Alison Loehnis, interim CEO of Yoox Net-a-Porter, says, “Customers can scan QR codes on their item’s care label to access its individual Digital ID via their smartphone. They can find content and information about each piece’s design and how it was made, care instructions and styling tips, to ensure their item remains in good condition and maintains its relevance over many seasons,” she says. “It comes back to promoting a longevity mindset amongst our customer base.” Her company started working with Eon (which is backed by Net-A-Porter founder Natalie Massenet’s Imaginary Ventures) in 2020 and embedded Digital IDs in more than 1,300 designs across private-label collections in 2021.

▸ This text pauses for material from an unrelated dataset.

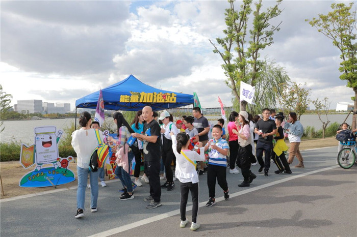 現場近450個家庭的近千名選手在一聲發令下,開始了環繞紫瑯湖的8.8公里的公益跑活動。安惠公司在活動沿途設立了能量加油站。安惠江海志愿者們為選手們送水,派發新品安惠牌靈芝孢子油番茄紅素軟膠囊體驗裝,為他們加油鼓勁。選手們也紛紛駐足休息,拍照留念。
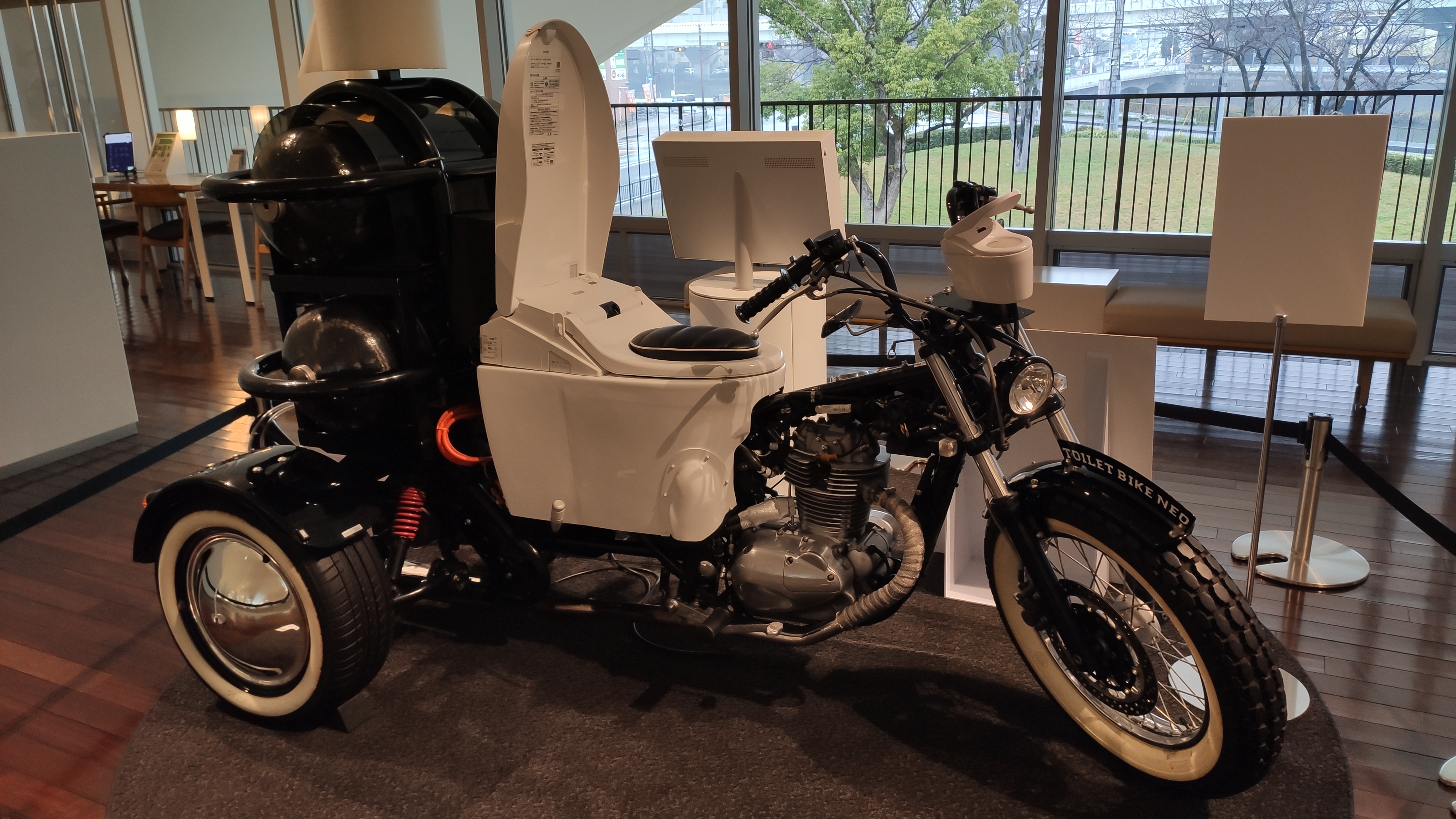 Les toilettes spécialement faites pour les sumos m’ont étonné, mais le clou c’est le “Toilet Bike Neo”, qui carbure aux déjections animales. Le siège en forme de WC c’est juste de la déco, le Japon souvent fringe sur le bon goût.

Franck also claims that brands can increase the profitability of every item with digital IDs. Because companies can use tags to quickly and easily authenticate items, they can set up their own resale sites with some rolling out in the next year, according to Franck. This allows brands to recoup profits that vintage and luxury resellers make on their clothing by selling them on their own platforms while guaranteeing shoppers are getting a legitimate product. NFC and RFID tracking abilities through digital IDs also can serve as the foundation for brands to launch their own rental programs and keep track of the inventory. “Once your products with NFC tags are out in the wild, it’s kind of like a Tesla; you can update them with new capabilities remotely,” says Franck. “So you might start by connecting them with customer-relationship-management software, and then six months later you might want to use NFC tags to start a resale program, and later a rental program.”
Joon Silverstein, SVP of global marketing, creative, and sustainability at Coach, notes that adding digital ID tags to its inventory is a step toward turning the company into a circular ecosystem (In a 2021 viral video, Coach was accused of slashing and throwing out items that could no longer be sold, a practice Silverstein says has ended). “It’s important to be able to track the product journey,” she says. “We have a program where customers can bring back preloved products to any store in North America and exchange them for store credit. After that, it gets repaired, restored, recomposed, reimagined, or recycled. Digital IDs will help us track that journey and share it with customers.”
An earlier version of this article misstated that Eon uses RFID technology. Eon helps implement NFC technology and QR codes to create digital IDs.